What is being asked: Please return all records verbatim, no pictures.

Given records:
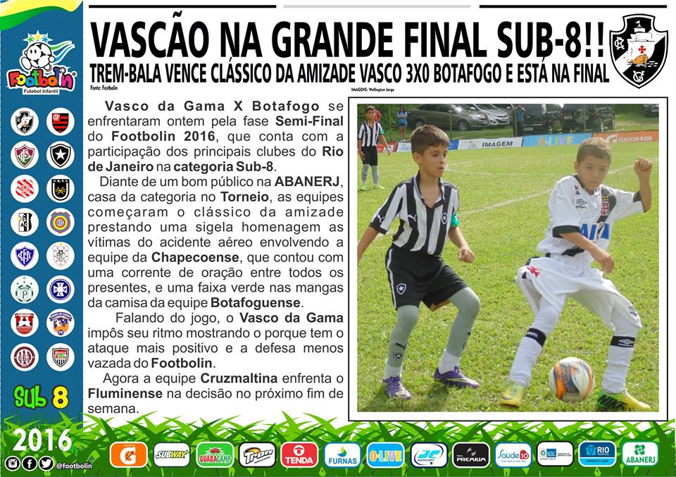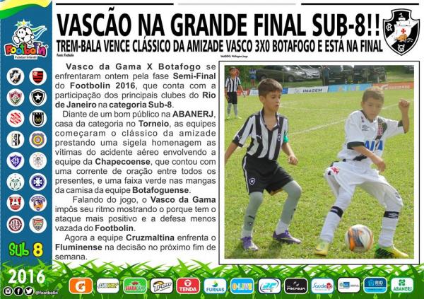Vasco vence o Botafogo e fará final do Footbolin Sub-08 contra o Fluminense
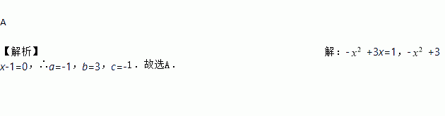 A 【解析】【解析】 -+3x=1,-+3x-1=0,∴a=-1,b=3,c=-1.故选A.
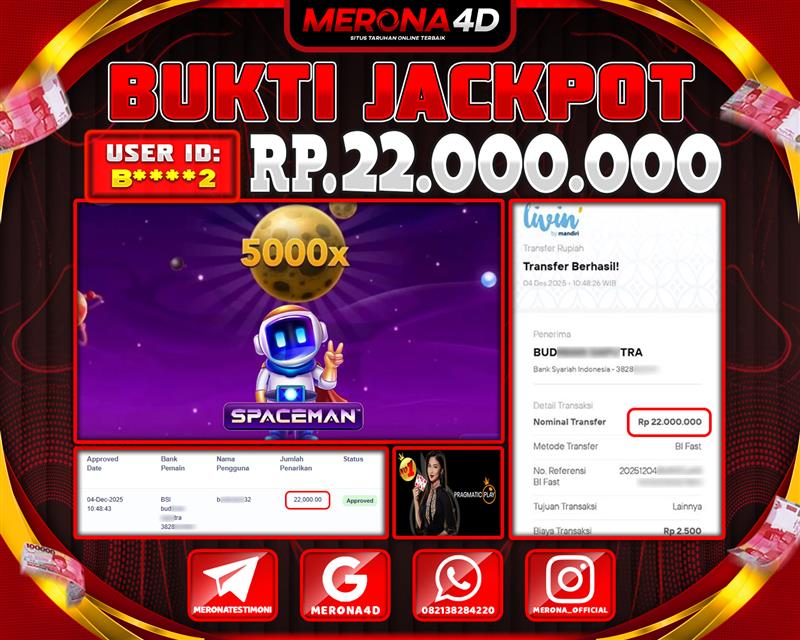Selamat Kepada Member MERONA4D B******2 Telah Jackpot Di SPACEMAN
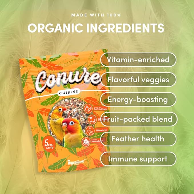 Mycelium Organic Conure Cuisine (5 LB Bag) | Fruit & Veggie Bird Seed w/Added Vitamins | Balanced Daily Nutrition for Immunity & Feather Health | Non-GMO, No Fillers or Additives, Made in USA
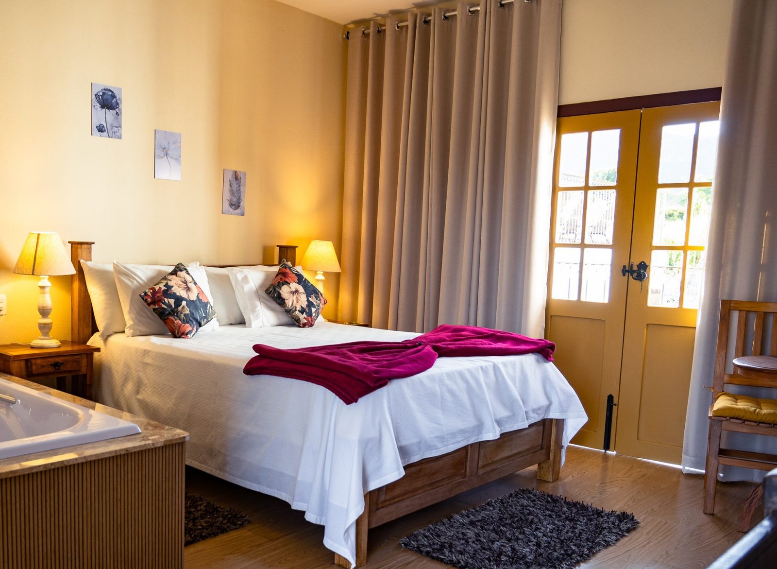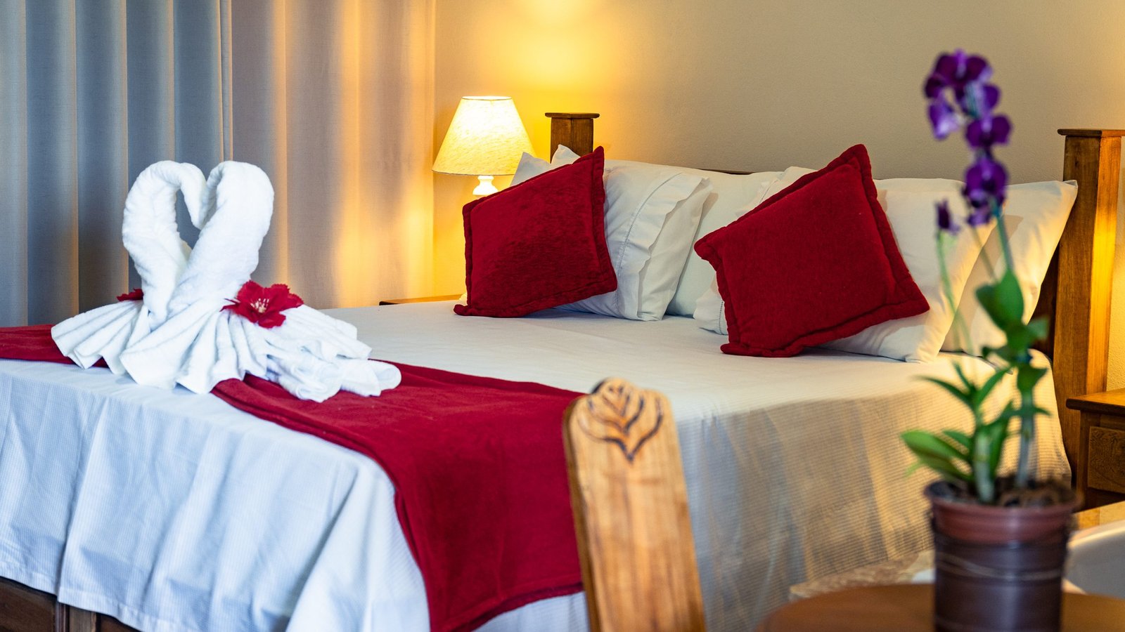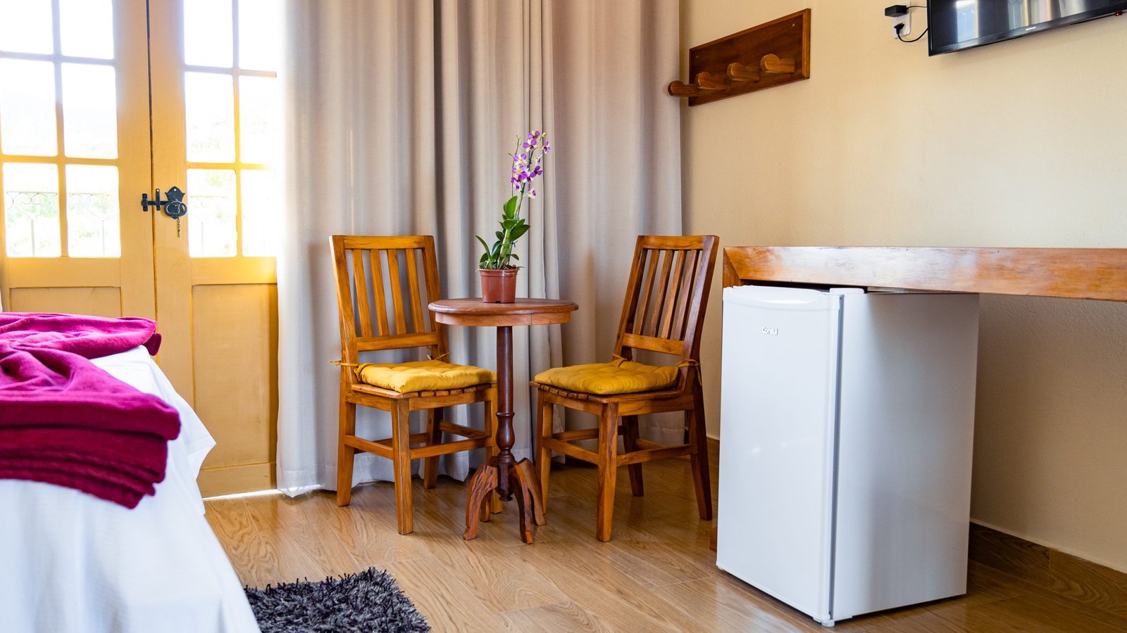 Equilíbrio perfeito entre conforto e estilo. A Suíte Luxo Plus é ideal para quem deseja um pouco mais de espaço e sofisticação. Com decoração rústica e elegante, cama queen, ar-condicionado (quente e frio), TV, frigobar e Wi-Fi, essa acomodação é perfeita para casais ou famílias (temos opções triplas e quádruplas) em busca de tranquilidade e bem-estar.
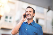 Zdjęcie "Łysy mężczyzna w średnim wieku uśmiecha się szczęśliwy rozmawiając na smartfonie w mieście." może być wykorzystywane do celów osobistych i komercyjnych zgodnie z warunkami zakupionej licencji Royalty-free. Obraz jest dostępny do pobrania w jakości wysokiej rozdzielczości do 5760x3840.
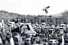 - Bilden tog jag under hösten i Åre. Jag hade precis anlänt till byn när jag såg att en FMX tävling hölls nere vid sjön, varpå jag hämtade min kamera i bilen. Det visade sig att Sveriges bästa motorcrossförare, Fredrik Berggren, som hade uppvisning. När jag kom ner till showområdet var det redan fullt med folk. Jag såg några andra fotografer nära rampen varpå jag kände att det inte var någon idé att konkurrera med dem på samma plats då vi skulle få samma typ av bilder. Jag såg mig omkring och såg en brandstege på ett närliggande hotell, så jag bestämde mig för att klättra upp dit och försöka få en vy. När jag kom upp, bestämde jag att jag ville komponera en bild som visade ett trångt utrymme men samtidigt fokusera tydligt på Fredrik. I och med att jag inte äger något så kallat tilt/shift-objektiv, var jag var tvungen att göra effekten i efterbearbetningen. Jag tror och tycker att det skapar en surrealistisk bild som samtidigt tydligt belyser Fredriks magnifika hopp.Prisutdelningen ägde rum i HongKong i torsdags och där kommer bilderna att visas i 14 dagar, sedan kommer utställningen att turnera runt i världen under två år.
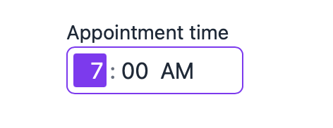 A time field consists of a label, and a group of segments representing each unit of a time (e.g. hours, minutes, and seconds). Each segment is individually focusable and editable by the user, by typing or using the arrow keys to increment and decrement the value. This approach allows values to be formatted and parsed correctly regardless of the locale or time format, and offers an easy and error-free way to edit times using the keyboard.
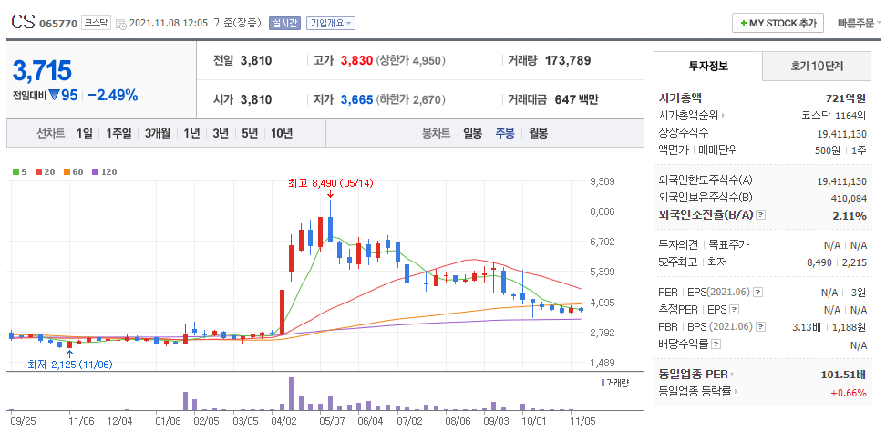 - 주봉 / 네이버금융 참고
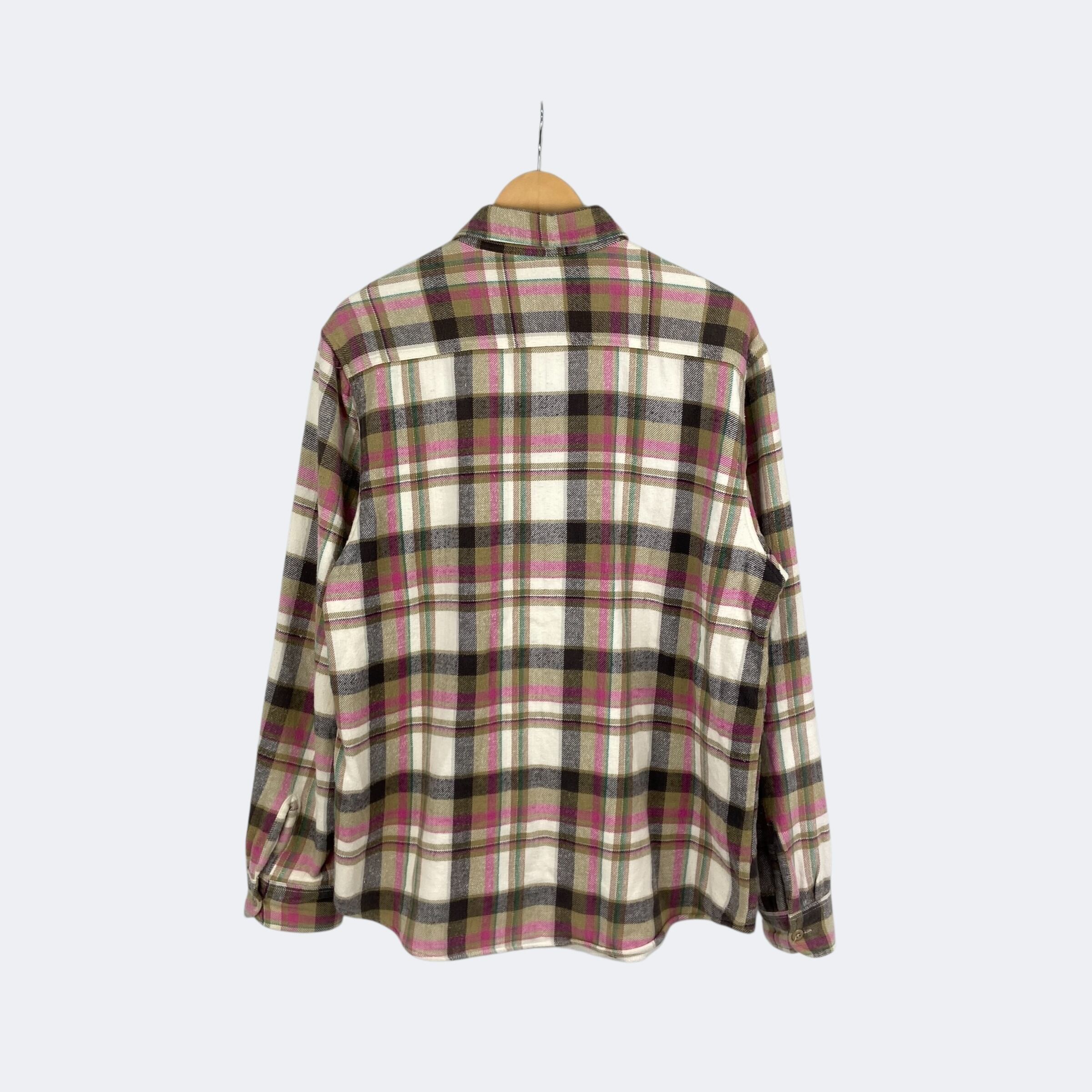 裏地にサーマル生地を施したステューシーのネルシャツになります。全体にチェック柄が織りで表現されており、胸にはパッチポケットとピスネームが付きます。保温性に優れた素材やカラーリングが季節感を与えてくれる1着です。

The completed task:
Vasco vence o Botafogo e fará final do Footbolin Sub-08 contra o Fluminense
 A 【解析】【解析】 -+3x=1,-+3x-1=0,∴a=-1,b=3,c=-1.故选A.
Selamat Kepada Member MERONA4D B******2 Telah Jackpot Di SPACEMAN
 Mycelium Organic Conure Cuisine (5 LB Bag) | Fruit & Veggie Bird Seed w/Added Vitamins | Balanced Daily Nutrition for Immunity & Feather Health | Non-GMO, No Fillers or Additives, Made in USA
 Equilíbrio perfeito entre conforto e estilo. A Suíte Luxo Plus é ideal para quem deseja um pouco mais de espaço e sofisticação. Com decoração rústica e elegante, cama queen, ar-condicionado (quente e frio), TV, frigobar e Wi-Fi, essa acomodação é perfeita para casais ou famílias (temos opções triplas e quádruplas) em busca de tranquilidade e bem-estar.
 Zdjęcie "Łysy mężczyzna w średnim wieku uśmiecha się szczęśliwy rozmawiając na smartfonie w mieście." może być wykorzystywane do celów osobistych i komercyjnych zgodnie z warunkami zakupionej licencji Royalty-free. Obraz jest dostępny do pobrania w jakości wysokiej rozdzielczości do 5760x3840.
 - Bilden tog jag under hösten i Åre. Jag hade precis anlänt till byn när jag såg att en FMX tävling hölls nere vid sjön, varpå jag hämtade min kamera i bilen. Det visade sig att Sveriges bästa motorcrossförare, Fredrik Berggren, som hade uppvisning. När jag kom ner till showområdet var det redan fullt med folk. Jag såg några andra fotografer nära rampen varpå jag kände att det inte var någon idé att konkurrera med dem på samma plats då vi skulle få samma typ av bilder. Jag såg mig omkring och såg en brandstege på ett närliggande hotell, så jag bestämde mig för att klättra upp dit och försöka få en vy. När jag kom upp, bestämde jag att jag ville komponera en bild som visade ett trångt utrymme men samtidigt fokusera tydligt på Fredrik. I och med att jag inte äger något så kallat tilt/shift-objektiv, var jag var tvungen att göra effekten i efterbearbetningen. Jag tror och tycker att det skapar en surrealistisk bild som samtidigt tydligt belyser Fredriks magnifika hopp.Prisutdelningen ägde rum i HongKong i torsdags och där kommer bilderna att visas i 14 dagar, sedan kommer utställningen att turnera runt i världen under två år.
 A time field consists of a label, and a group of segments representing each unit of a time (e.g. hours, minutes, and seconds). Each segment is individually focusable and editable by the user, by typing or using the arrow keys to increment and decrement the value. This approach allows values to be formatted and parsed correctly regardless of the locale or time format, and offers an easy and error-free way to edit times using the keyboard.
 - 주봉 / 네이버금융 참고
 裏地にサーマル生地を施したステューシーのネルシャツになります。全体にチェック柄が織りで表現されており、胸にはパッチポケットとピスネームが付きます。保温性に優れた素材やカラーリングが季節感を与えてくれる1着です。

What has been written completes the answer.